» **Task instructions**:
Print the records below word for word, but leave out the pictures.

[Collected data entries]
· · · · ·

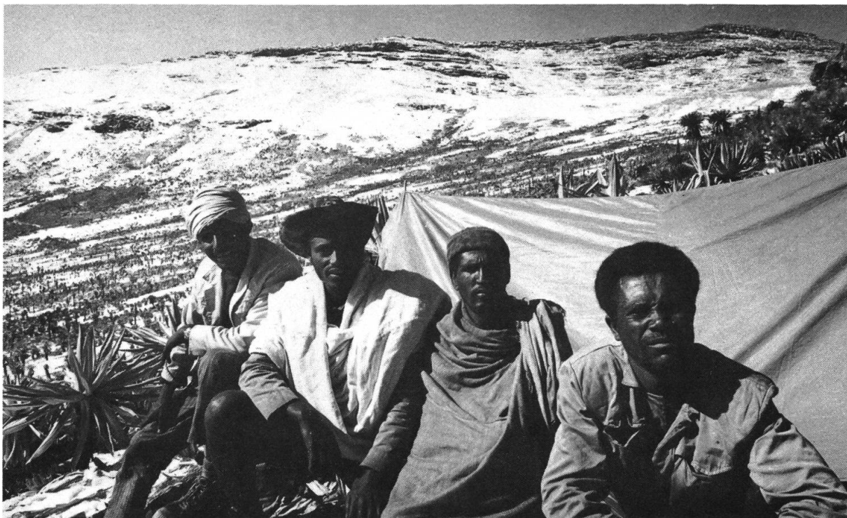
Abbildung 4: An Strapazen gewohnte Führer, Wildhüter und Maultiertreiber schrecken auch vor einigen Tagen mit gelegentlichem Schnee auf den Gipfeln nicht zurück und sind für das Gelingen eines Treks unersetzbar. H. Hurni, 14. Feb. 1976
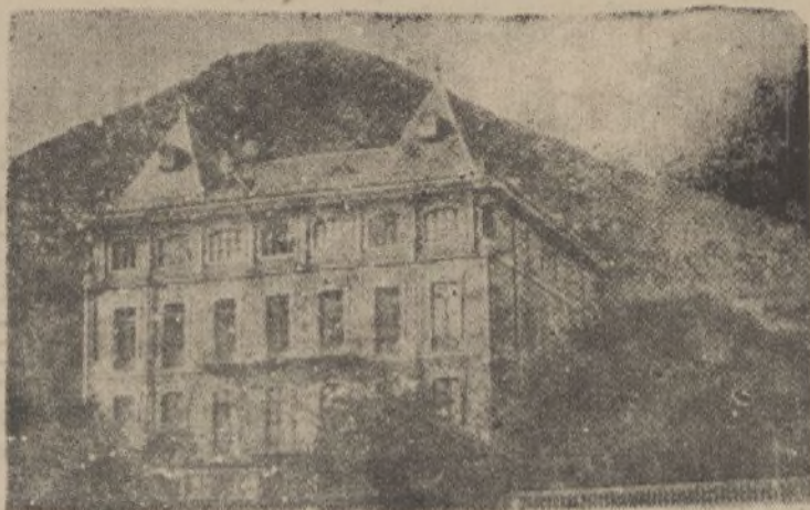
LEQUEITIO.—Palacio de Uribarren y Calvario

Laxen Busto Laxante que educa el intestino
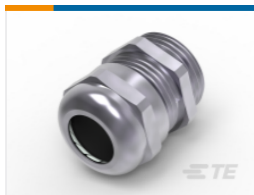
TE 产品编号 T3609250102-000 DLX-25-M
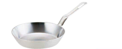
1 Ωスーパーデンジ フライパン (共柄) (AHL-D6)
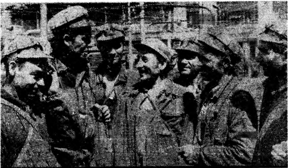
Minerii ai sectorului IV Lupeni.
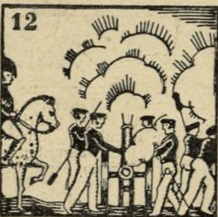
12.-De junio un hermoso día se levantan los sargentos del cuerpo de artillería.
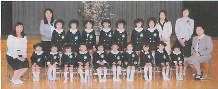
平成 28 年度年中児 きくぐみ
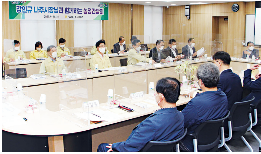
강인규 나주시장이 최근 농협중앙회 나주시지부 2층 회의실에서 농·축협 조합장과 농정간담회를 가졌다.

인 육성 ▲장조·신하 등 국산 품종 기반 조성 및 확대 등을 꼽았다. 또 지난 6월 농림축산식품부 주관 농촌협약대상지역(5년 간 국비 300억원 확보), 노후 된 미곡종합처리장(RPC) 통합 건립을 주요 내용으로 한 '2022년 고 품질 쌀 유통활성화사업'(국비 74억원 확보) 등 공모사업 선정 성과도 밝혔다. 조합장들은 간담회를 통해 ▲음·면별 농업분야 특색사업 발굴 지원 ▲벼 건조·저장시설(DSC) 설치 ▲나주배 명성 회복을 위한 품종갱신 사업 등 영농 현장의 요청 사항을 전달하고 적극적인 지원을 요청했다. 강인규 시장은 "코로나19 장기화 기운

· · · · ·

» **Expected answer**:
Abbildung 4: An Strapazen gewohnte Führer, Wildhüter und Maultiertreiber schrecken auch vor einigen Tagen mit gelegentlichem Schnee auf den Gipfeln nicht zurück und sind für das Gelingen eines Treks unersetzbar. H. Hurni, 14. Feb. 1976
LEQUEITIO.—Palacio de Uribarren y Calvario

Laxen Busto Laxante que educa el intestino
TE 产品编号 T3609250102-000 DLX-25-M
1 Ωスーパーデンジ フライパン (共柄) (AHL-D6)
Minerii ai sectorului IV Lupeni.
12.-De junio un hermoso día se levantan los sargentos del cuerpo de artillería.
平成 28 年度年中児 きくぐみ
강인규 나주시장이 최근 농협중앙회 나주시지부 2층 회의실에서 농·축협 조합장과 농정간담회를 가졌다.

인 육성 ▲장조·신하 등 국산 품종 기반 조성 및 확대 등을 꼽았다. 또 지난 6월 농림축산식품부 주관 농촌협약대상지역(5년 간 국비 300억원 확보), 노후 된 미곡종합처리장(RPC) 통합 건립을 주요 내용으로 한 '2022년 고 품질 쌀 유통활성화사업'(국비 74억원 확보) 등 공모사업 선정 성과도 밝혔다. 조합장들은 간담회를 통해 ▲음·면별 농업분야 특색사업 발굴 지원 ▲벼 건조·저장시설(DSC) 설치 ▲나주배 명성 회복을 위한 품종갱신 사업 등 영농 현장의 요청 사항을 전달하고 적극적인 지원을 요청했다. 강인규 시장은 "코로나19 장기화 기운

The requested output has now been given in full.